Turing.jl: SMC arguments

Created on 28 Feb 2018 · 32Comments · Source: TuringLang/Turing.jl

Sorry if the answer to this question is obvious, but can the SMC function take other arguments than the number of particles, e.g. resampling threshold/method? Also, is it possible to retrieve the weights from the SMC sampler, along with the samples?

discussion new-feature

Source

awellis

Most helpful comment

I can see the benefit but I'm still not convinced as storing weights for a few thousand particles over a reasonable number of iterations would easily generate a large memory overhead. Even with 16bit precision.

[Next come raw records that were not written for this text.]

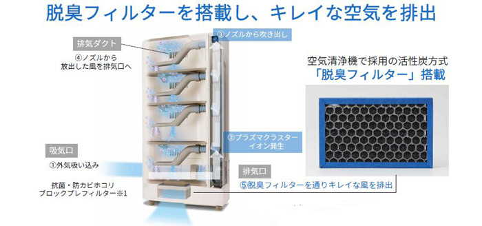 3. 室内へのニオイ漏れを抑制する脱臭フィルターを搭載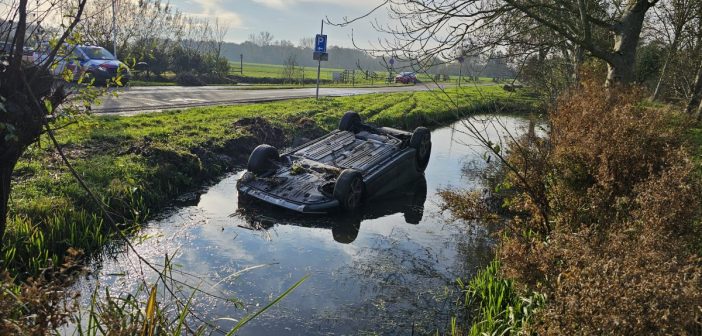 GROOT-AMMERS – Op zaterdagmiddag 22 november 2025 is rond half twee een auto te water geraakt aan de Wilgenweg in Groot-Ammers. Ter hoogte van de Avonturenboerderij Molenwaard raakte de personenauto door een onbekende oorzaak van de weg en belandde op zijn zijkant en vervolgens op zijn kop in de sloot.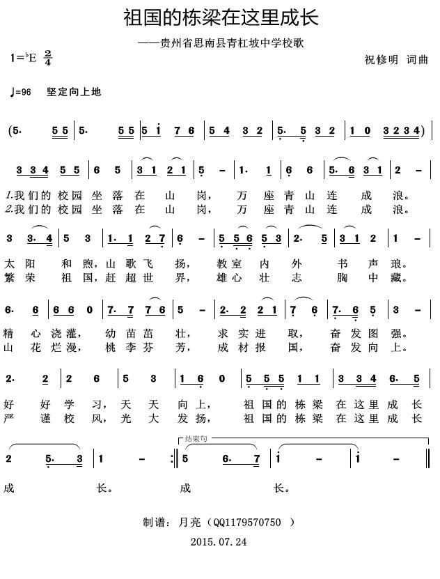 祖国的栋梁在这里成长 贵州省思南县青杠坡中学校歌

And if I understand it right, visualizing statistics on the weights would actually be already quite informative. @awellis is this correct?

I'll make a new issue for this as it seems to be a feature many people could be interested in.

trappmartin on 4 Sep 2018

👍2

All 32 comments

Hi !
It's indeed not clearly documented but the objected returned when calling sample() on a model is a Chain. It has a value2 attribute being an array of all samples, each Sample having a weight attribute.

Best,
regards

emilemathieu on 12 Mar 2018

Hi,
I've been trying out Turing again, and as I'm quite new to Julia, how to extract samples and weights isn't obvious to me.

As far as I can, I can obtain a matrix containing all particles from the value attribute of a Chain and in the value2 attribute, I get a Sample object, which contains a weight and a dictionary of samples for each iteration.

It seems that the weight represents the log evidence at each iteration, but is it possible to access the weight of each particle at each iteration? This would be useful, e.g. for plotting a weighted mean of the state variables, if resampling is not performed at each time step, and the weights are not uniform.

Is this currently possible? (Sorry if the answer is obvious)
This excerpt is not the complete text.